1B (ability to take risk): While the asset base is large (which makes them above average), the key point I think is that they are COMPLETELY DEPENDENT on the portfolio in retirement. In the first year of retirement they only have living expenses for themselves and mother and no inflows. Shouldn’t this relianc bring them down to average?
1B (overall risk): I’m completely ignoring this whole business about “counseling” or “reconciling”–I’ve seen it in no previous exams. For overall I just restate which points from the willingness/ability sections are stronger or more pronounced. Agree?
1C (time horizon): Anyone else say it was three stage? They say in the vignette that they wish to leave their estate to children–doesn’t this imply a multigenerational view and add a third stage (post death)?
1C (liquidity constraint): I was concerned to see the answer key just listed the expenses without writing the #’s. Do you all agree that it is always best to put the dollar values in for liquidity and add them up (I think this is how most old exam answer keys show it)? I wrote $250,000 living expenses and $68,958.50 mother’s expenses.
1C (liquidity constraint): Anyone else planning to put “5-6 months living expenses in cash”? I’m hesitant to do this because you may have to quantify it/it may mess up your asset allocation decision.

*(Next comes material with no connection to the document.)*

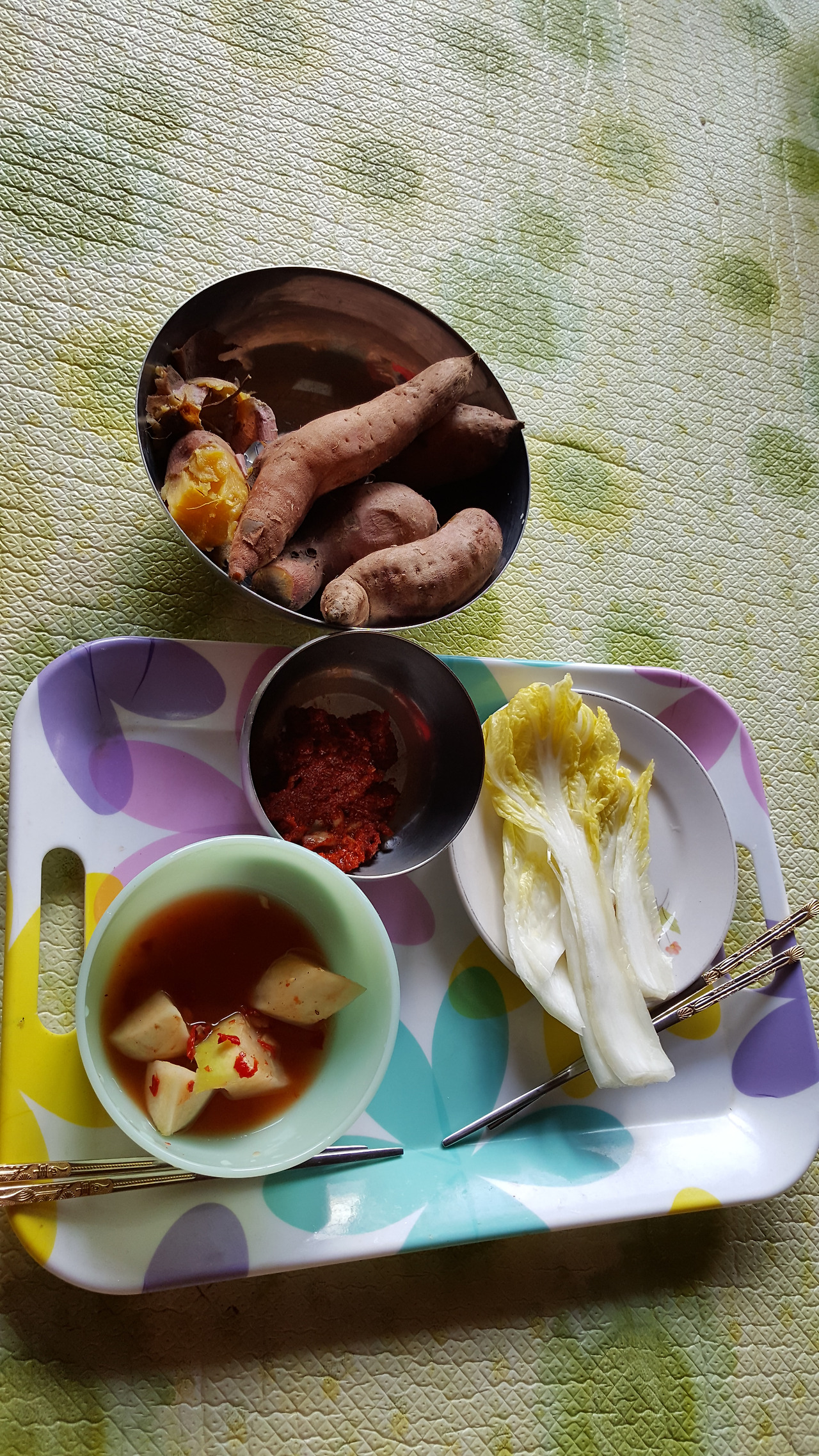 시력은 좋으나 노안이 왔다. 젠장 안경을 가져 왔으면 좋았을텐데 주머니에는 햇볕 가릴 선그라스만 쑥스러워 하며 숨어있다. 할머니랑 이런저런 얘기하며 논다. 할머니는 갓 삶은 고구마와 무김치를 주셨다. 맛있게 먹는 모습에 톳밥까지 주셔서 김치에 쓱쓱비벼 맛나게 먹었다 .

1D (asset allocation): Portfolio C is said to have suffificent cash for emergencies. But their liquidity constraint is living expenses of $318,959. Well, as we saw in the answer to 1A, $318.959 / $8,135,524 is 3.92%, so Portfolio C’s cash allocation of 3% seems insufficient, no?
3C (relative value of gift tax vs. estate): This question absolutely killed me. Spent 10 minutes carefully putting together this formula to not make a mistake but I didn’t realize that you have to add TgTe because the testator pays the gift taxes. Did this get people too? Anyone else surprised that there was no partial credit for at least solving the formula without the TgTe in there, especially for a 10 point question?
4A (bank objectives): They are not meeting enhanced return objective because they are holding risky bonds–how does that make sense? Also, in my view, everything but this objective is a RISK objective, not a return objective–do you agree?
5A: CSI can be argued to be constant mix because: a) as S&P goes up/down, its stock value after rebalancing goes up/down by a lesser amount and b) the stock value after rebalancing is constantly 75% of the portfolio value. FHM can be argued to be CPPI because a) as S&P goes up/down, its stock value after rebalancing goes up/down by a larger amount. But what about the second point on the % stock of portfolio value (to match CSI’s second point)–its stock value after rebalancing goes from 75% to 69% to 72% to 67%, so how do we tell from this metric if it is CPPT or buy and hold?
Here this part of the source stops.